(Provided data)
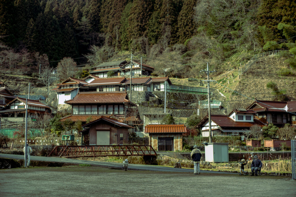 同時に進行したのが、空き家の増加と生活の痕跡の消失だ。 窓に灯りがともらなくなり、洗濯物が揺れなくなり、 庭や畑から人の気配が消えていく。 集落は地図上に存在していても、 そこからは暮らしの存在感が徐々に失われていった。
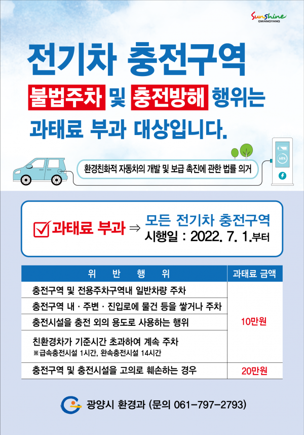 김재희 환경과장은 “전기차 전용 충전구역 불법 주정차에 따른 과태료로 인해 주민들이 불이익을 받지 않도록 지속적인 홍보를 실시하겠다”며 “공동주택 관리사무소의 관리강화와 올바른 주차 질서가 확립될 수 있도록 시민들의 적극적인 참여도 당부드린다”고 말했다.
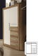Moderná šatníková skriňa kombinovaná s policovou v ľavej časti sa nachádza tyč na zavesenie oblečenia a na pravej strane je polica a zásuvky, ktoré ponúkajú dostatočný úložný priestor.
(End Provided data)
Exercise brief:
Reproduce the listing exactly, but keep its images out of the copy.

Completed exercise:
 同時に進行したのが、空き家の増加と生活の痕跡の消失だ。 窓に灯りがともらなくなり、洗濯物が揺れなくなり、 庭や畑から人の気配が消えていく。 集落は地図上に存在していても、 そこからは暮らしの存在感が徐々に失われていった。
 김재희 환경과장은 “전기차 전용 충전구역 불법 주정차에 따른 과태료로 인해 주민들이 불이익을 받지 않도록 지속적인 홍보를 실시하겠다”며 “공동주택 관리사무소의 관리강화와 올바른 주차 질서가 확립될 수 있도록 시민들의 적극적인 참여도 당부드린다”고 말했다.
Moderná šatníková skriňa kombinovaná s policovou v ľavej časti sa nachádza tyč na zavesenie oblečenia a na pravej strane je polica a zásuvky, ktoré ponúkajú dostatočný úložný priestor.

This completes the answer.